◆ SUPPLIED DATA:
+---+

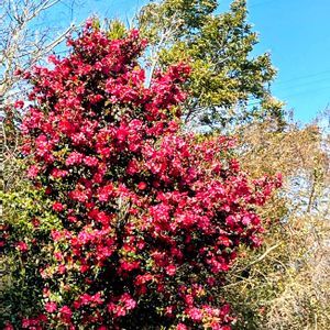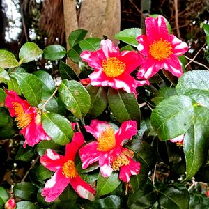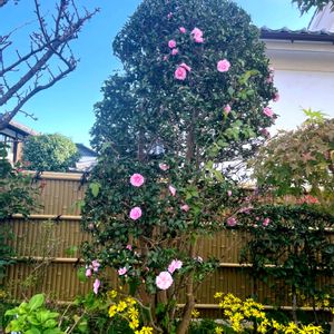 サザンカ(山茶花) 通り道の駐車場側のお宅に 午後の散歩道
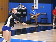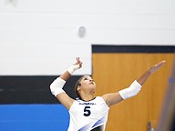 Sophomore libero Aliya Lugo-Navas serves for the Pirates. Photo by Brent Woronoff
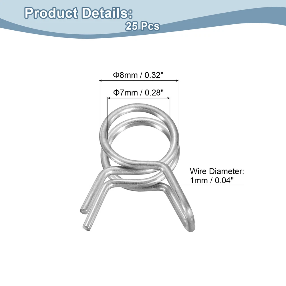 Document Description: Material: Made of stainless steel with a polished surface, these spring hose clamps are corrosion and rust-resistant for long-term use.Design: The spring hose clamps are designed with double-wound wire, which can spread the clamping force around the hose, and is more cost-effective than single-wire clamps.Easy to Use: These spring hose clamps are very easy to use, just use pliers to open the clamp and easily place it on the pipe.Wide Application: Spring hose clamps are widely used in automotive, agricultural, factory, and construction industries. Mainly used for fastening interfaces, they can firmly lock power equipment fuel lines, air hoses, water pipes, silicone hoses, vacuum hoses, automobile fuel lines, motorcycle air pipes, etc.Specification:Material: Stainless SteelFinish: PolishedInner Diameter: 7mm / 0.28inchMaximum Open Inner Diameter: 8mm/0.32inchWire Diameter: 1mm / 0.04inchPackage Content: 25pcs x Spring Hose Clamp Double Wire Spring Hose Clamp, 20pcs 304 Stainless Steel 6mm Spring Clips USD 7.78 Double Wire Spring Hose Clamp, 10pcs 304 Stainless Steel 5.5mm Spring Clips USD 6.71 Double Wire Spring Hose Clamp, 20pcs 304 Stainless Steel 5mm Spring Clips USD 7.49 Double Wire Spring Hose Clamp, 20pcs 304 Stainless Steel 3.5mm Spring Clips USD 7.49 Spring Hose Clamp, 50pcs 65Mn Steel 18mm Low Pressure Air Clip, Zinc Plated USD 21.04 Fuel Line Hose Clips, 20pcs 13mm 65Mn Steel Tubing Spring Clamps USD 7.22 25Pcs 7mm/0.28inch Double Wire Spring Hose Clamp Description: Material: Made of stainless steel with a polished surface, these spring hose clamps are corrosion and rust-resistant for long-term use. Design: The spring hose clamps are designed with double-wound wire, which can spread the clamping force around the hose, and is more cost-effective than single-wire clamps. Easy to Use: These spring hose clamps are very easy to use, just use pliers to open the clamp and easily place it on the pipe. Wide Application: Spring hose clamps are widely used in automotive, agricultural, factory, and construction industries. Mainly used for fastening interfaces, they can firmly lock power equipment fuel lines, air hoses, water pipes, silicone hoses, vacuum hoses, automobile fuel lines, motorcycle air pipes, etc. Specification: Material: Stainless Steel Finish: Polished Inner Diameter: 7mm / 0.28inch Maximum Open Inner Diameter: 8mm/0.32inch Wire Diameter: 1mm / 0.04inch Package Content: 25pcs x Spring Hose Clamp Hot Item Spring Hose Clamp, 10pcs 65Mn Steel 9mm Low Pressure Air Clip, Nickel Plated USD 7.03 Double Wire 10mm Fuel Line Hose Tube Spring Clips Clamp Zinc Plated 50Pcs USD 8.82 Double Wire Spring Hose Clamp, 50pcs 304 Stainless Steel 10mm Spring Clips USD 11.2 Double Wire 10mm Fuel Line Hose Tube Spring Clips Clamp Zinc Plated 20Pcs USD 7.22 Fuel Line Hose Clips, 20pcs 4mm 304 Stainless Steel Tube Spring Clamps(Silver) USD 6.94 Payment We accept eBay payment. Please do not email us to ask for other payment option. We appreciate prompt payment and look forward to your business in the future. Unpaid item will be filed without receiving payment in 7 days from listing ended. Shipping Usually we ship your order out within 24 hours in business day. For shipping and handling charges (S&H) for specific item, please refer to the item listing page for more details. Please make sure your shipping address is correct. We are not responsible for any loss in transit if a wrong address is provided. Return Policy Returns for exchange are permitted and must be initiated by the buyer within 30 days upon receipt. If you would like to return your product(s) for repair / replacement / refund, please kindly contact our customer service representatives via email for an authorized RMA number. Your returned product(s) will not be processed without a completed RMA. About Us We are continually expanding our product selection to better serve your need. We look forward to providing the best sevice to you - our dear customers, so take a look around our store and find the product that you want. You can put your trust in us! If you need any help or have any suggestions, please don't hesititate to contact us anytime , we will reply you within 24 hours and try the best to help you. Description Policy 25Pcs 7mm/0.28inch Double Wire Spring Hose Clamp Description: Material: Made of stainless steel with a polished surface, these spring hose clamps are corrosion and rust-resistant for long-term use. Design: The spring hose clamps are designed with double-wound wire, which can spread the clamping force around the hose, and is more cost-effective than single-wire clamps. Easy to Use: These spring hose clamps are very easy to use, just use pliers to open the clamp and easily place it on the pipe. Wide Application: Spring hose clamps are widely used in automotive, agricultural, factory, and construction industries. Mainly used for fastening interfaces, they can firmly lock power equipment fuel lines, air hoses, water pipes, silicone hoses, vacuum hoses, automobile fuel lines, motorcycle air pipes, etc. Specification: Material: Stainless Steel Finish: Polished Inner Diameter: 7mm / 0.28inch Maximum Open Inner Diameter: 8mm/0.32inch Wire Diameter: 1mm / 0.04inch Package Content: 25pcs x Spring Hose Clamp Double Wire Spring Hose Clamp, 20pcs 304 Stainless Steel 6mm Spring Clips USD 7.78 Double Wire Spring Hose Clamp, 10pcs 304 Stainless Steel 5.5mm Spring Clips USD 6.71 Double Wire Spring Hose Clamp, 20pcs 304 Stainless Steel 5mm Spring Clips USD 7.49 Double Wire Spring Hose Clamp, 20pcs 304 Stainless Steel 3.5mm Spring Clips USD 7.49 Spring Hose Clamp, 50pcs 65Mn Steel 18mm Low Pressure Air Clip, Zinc Plated USD 21.04 Fuel Line Hose Clips, 20pcs 13mm 65Mn Steel Tubing Spring Clamps USD 7.22 Hot Item Spring Hose Clamp, 10pcs 65Mn Steel 9mm Low Pressure Air Clip, Nickel Plated USD 7.03 Double Wire 10mm Fuel Line Hose Tube Spring Clips Clamp Zinc Plated 50Pcs USD 8.82 Double Wire Spring Hose Clamp, 50pcs 304 St

+---+

The output should be the material above, copied exactly, without its pictures.

◆ OUTPUT OF THE EXERCISE:
 サザンカ(山茶花) 通り道の駐車場側のお宅に 午後の散歩道
 Sophomore libero Aliya Lugo-Navas serves for the Pirates. Photo by Brent Woronoff
 Document Description: Material: Made of stainless steel with a polished surface, these spring hose clamps are corrosion and rust-resistant for long-term use.Design: The spring hose clamps are designed with double-wound wire, which can spread the clamping force around the hose, and is more cost-effective than single-wire clamps.Easy to Use: These spring hose clamps are very easy to use, just use pliers to open the clamp and easily place it on the pipe.Wide Application: Spring hose clamps are widely used in automotive, agricultural, factory, and construction industries. Mainly used for fastening interfaces, they can firmly lock power equipment fuel lines, air hoses, water pipes, silicone hoses, vacuum hoses, automobile fuel lines, motorcycle air pipes, etc.Specification:Material: Stainless SteelFinish: PolishedInner Diameter: 7mm / 0.28inchMaximum Open Inner Diameter: 8mm/0.32inchWire Diameter: 1mm / 0.04inchPackage Content: 25pcs x Spring Hose Clamp Double Wire Spring Hose Clamp, 20pcs 304 Stainless Steel 6mm Spring Clips USD 7.78 Double Wire Spring Hose Clamp, 10pcs 304 Stainless Steel 5.5mm Spring Clips USD 6.71 Double Wire Spring Hose Clamp, 20pcs 304 Stainless Steel 5mm Spring Clips USD 7.49 Double Wire Spring Hose Clamp, 20pcs 304 Stainless Steel 3.5mm Spring Clips USD 7.49 Spring Hose Clamp, 50pcs 65Mn Steel 18mm Low Pressure Air Clip, Zinc Plated USD 21.04 Fuel Line Hose Clips, 20pcs 13mm 65Mn Steel Tubing Spring Clamps USD 7.22 25Pcs 7mm/0.28inch Double Wire Spring Hose Clamp Description: Material: Made of stainless steel with a polished surface, these spring hose clamps are corrosion and rust-resistant for long-term use. Design: The spring hose clamps are designed with double-wound wire, which can spread the clamping force around the hose, and is more cost-effective than single-wire clamps. Easy to Use: These spring hose clamps are very easy to use, just use pliers to open the clamp and easily place it on the pipe. Wide Application: Spring hose clamps are widely used in automotive, agricultural, factory, and construction industries. Mainly used for fastening interfaces, they can firmly lock power equipment fuel lines, air hoses, water pipes, silicone hoses, vacuum hoses, automobile fuel lines, motorcycle air pipes, etc. Specification: Material: Stainless Steel Finish: Polished Inner Diameter: 7mm / 0.28inch Maximum Open Inner Diameter: 8mm/0.32inch Wire Diameter: 1mm / 0.04inch Package Content: 25pcs x Spring Hose Clamp Hot Item Spring Hose Clamp, 10pcs 65Mn Steel 9mm Low Pressure Air Clip, Nickel Plated USD 7.03 Double Wire 10mm Fuel Line Hose Tube Spring Clips Clamp Zinc Plated 50Pcs USD 8.82 Double Wire Spring Hose Clamp, 50pcs 304 Stainless Steel 10mm Spring Clips USD 11.2 Double Wire 10mm Fuel Line Hose Tube Spring Clips Clamp Zinc Plated 20Pcs USD 7.22 Fuel Line Hose Clips, 20pcs 4mm 304 Stainless Steel Tube Spring Clamps(Silver) USD 6.94 Payment We accept eBay payment. Please do not email us to ask for other payment option. We appreciate prompt payment and look forward to your business in the future. Unpaid item will be filed without receiving payment in 7 days from listing ended. Shipping Usually we ship your order out within 24 hours in business day. For shipping and handling charges (S&H) for specific item, please refer to the item listing page for more details. Please make sure your shipping address is correct. We are not responsible for any loss in transit if a wrong address is provided. Return Policy Returns for exchange are permitted and must be initiated by the buyer within 30 days upon receipt. If you would like to return your product(s) for repair / replacement / refund, please kindly contact our customer service representatives via email for an authorized RMA number. Your returned product(s) will not be processed without a completed RMA. About Us We are continually expanding our product selection to better serve your need. We look forward to providing the best sevice to you - our dear customers, so take a look around our store and find the product that you want. You can put your trust in us! If you need any help or have any suggestions, please don't hesititate to contact us anytime , we will reply you within 24 hours and try the best to help you. Description Policy 25Pcs 7mm/0.28inch Double Wire Spring Hose Clamp Description: Material: Made of stainless steel with a polished surface, these spring hose clamps are corrosion and rust-resistant for long-term use. Design: The spring hose clamps are designed with double-wound wire, which can spread the clamping force around the hose, and is more cost-effective than single-wire clamps. Easy to Use: These spring hose clamps are very easy to use, just use pliers to open the clamp and easily place it on the pipe. Wide Application: Spring hose clamps are widely used in automotive, agricultural, factory, and construction industries. Mainly used for fastening interfaces, they can firmly lock power equipment fuel lines, air hoses, water pipes, silicone hoses, vacuum hoses, automobile fuel lines, motorcycle air pipes, etc. Specification: Material: Stainless Steel Finish: Polished Inner Diameter: 7mm / 0.28inch Maximum Open Inner Diameter: 8mm/0.32inch Wire Diameter: 1mm / 0.04inch Package Content: 25pcs x Spring Hose Clamp Double Wire Spring Hose Clamp, 20pcs 304 Stainless Steel 6mm Spring Clips USD 7.78 Double Wire Spring Hose Clamp, 10pcs 304 Stainless Steel 5.5mm Spring Clips USD 6.71 Double Wire Spring Hose Clamp, 20pcs 304 Stainless Steel 5mm Spring Clips USD 7.49 Double Wire Spring Hose Clamp, 20pcs 304 Stainless Steel 3.5mm Spring Clips USD 7.49 Spring Hose Clamp, 50pcs 65Mn Steel 18mm Low Pressure Air Clip, Zinc Plated USD 21.04 Fuel Line Hose Clips, 20pcs 13mm 65Mn Steel Tubing Spring Clamps USD 7.22 Hot Item Spring Hose Clamp, 10pcs 65Mn Steel 9mm Low Pressure Air Clip, Nickel Plated USD 7.03 Double Wire 10mm Fuel Line Hose Tube Spring Clips Clamp Zinc Plated 50Pcs USD 8.82 Double Wire Spring Hose Clamp, 50pcs 304 St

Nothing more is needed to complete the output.